YOUR TASK:
Word for word, please copy the line containing "Детская хлопковая блузка" and all lines after it in the entries below, and only those, leaving every picture out.

RECORD EXTRACTS:
BEGIN
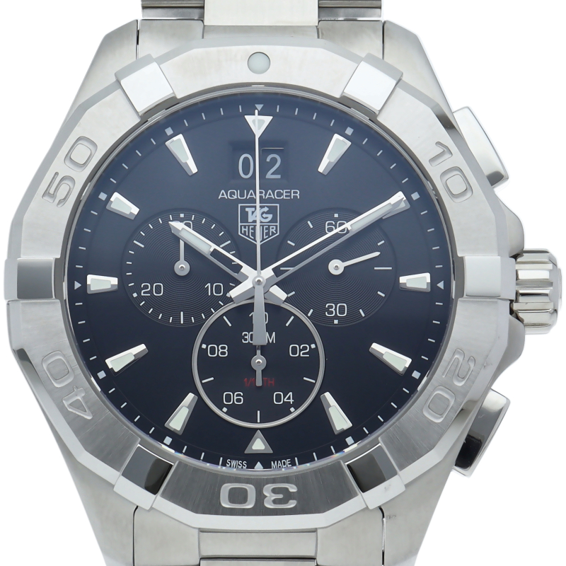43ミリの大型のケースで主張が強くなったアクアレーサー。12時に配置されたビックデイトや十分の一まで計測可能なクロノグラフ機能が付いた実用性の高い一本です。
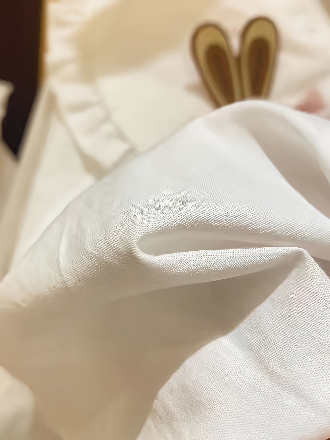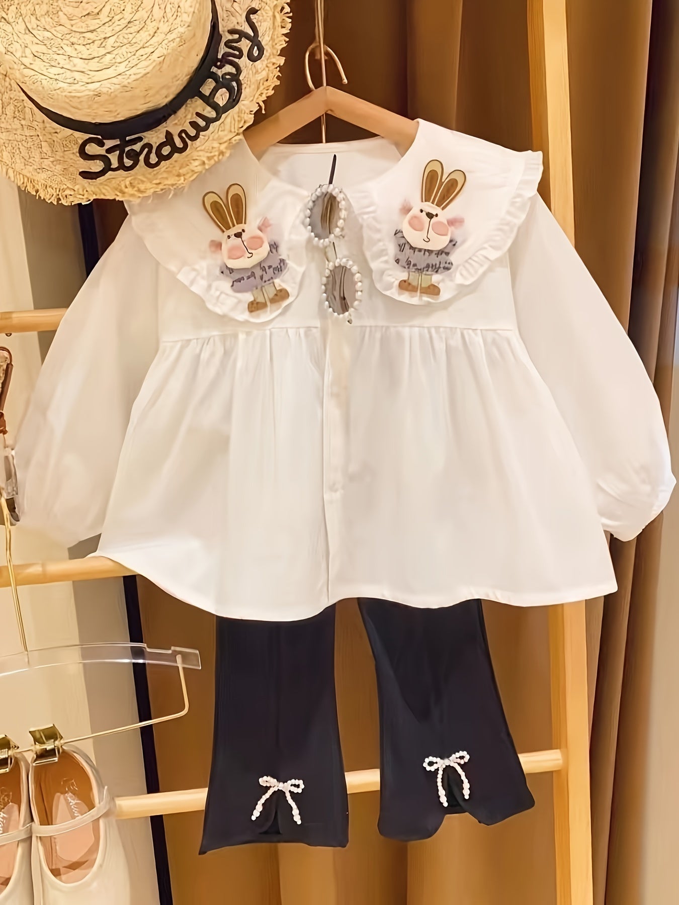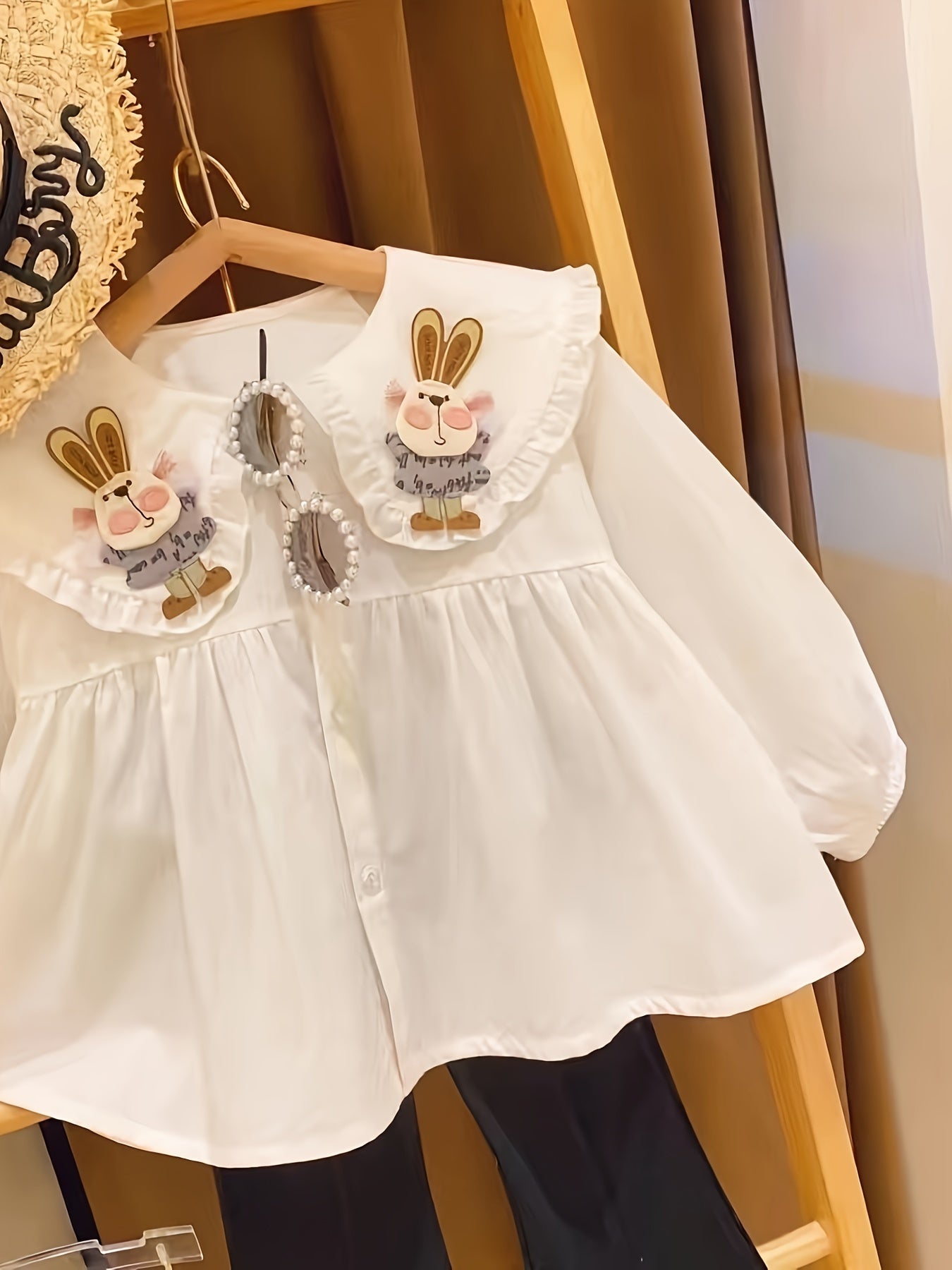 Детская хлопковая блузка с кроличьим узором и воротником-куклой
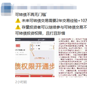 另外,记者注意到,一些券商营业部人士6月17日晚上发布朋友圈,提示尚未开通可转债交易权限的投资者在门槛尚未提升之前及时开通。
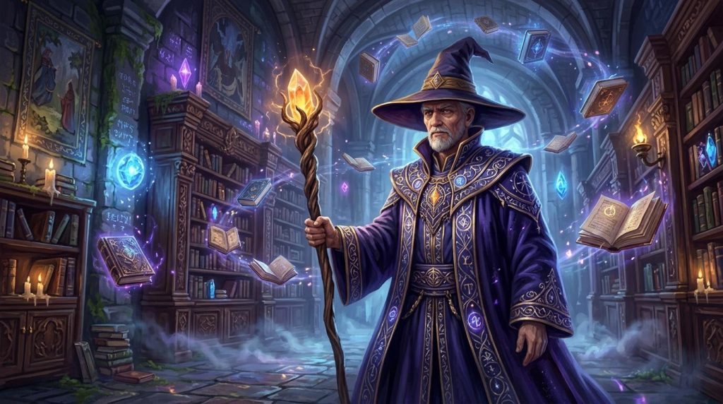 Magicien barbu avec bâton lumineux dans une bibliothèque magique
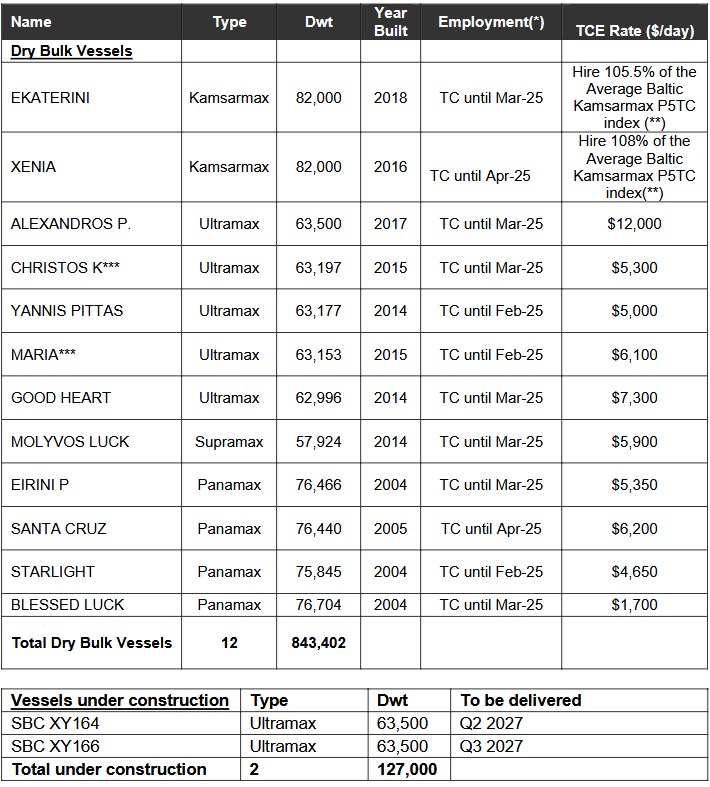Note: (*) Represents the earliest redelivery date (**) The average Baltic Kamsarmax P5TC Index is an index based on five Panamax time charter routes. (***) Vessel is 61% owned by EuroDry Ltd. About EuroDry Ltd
END
RESULT:
 Детская хлопковая блузка с кроличьим узором и воротником-куклой
 另外,记者注意到,一些券商营业部人士6月17日晚上发布朋友圈,提示尚未开通可转债交易权限的投资者在门槛尚未提升之前及时开通。
 Magicien barbu avec bâton lumineux dans une bibliothèque magique
Note: (*) Represents the earliest redelivery date (**) The average Baltic Kamsarmax P5TC Index is an index based on five Panamax time charter routes. (***) Vessel is 61% owned by EuroDry Ltd. About EuroDry Ltd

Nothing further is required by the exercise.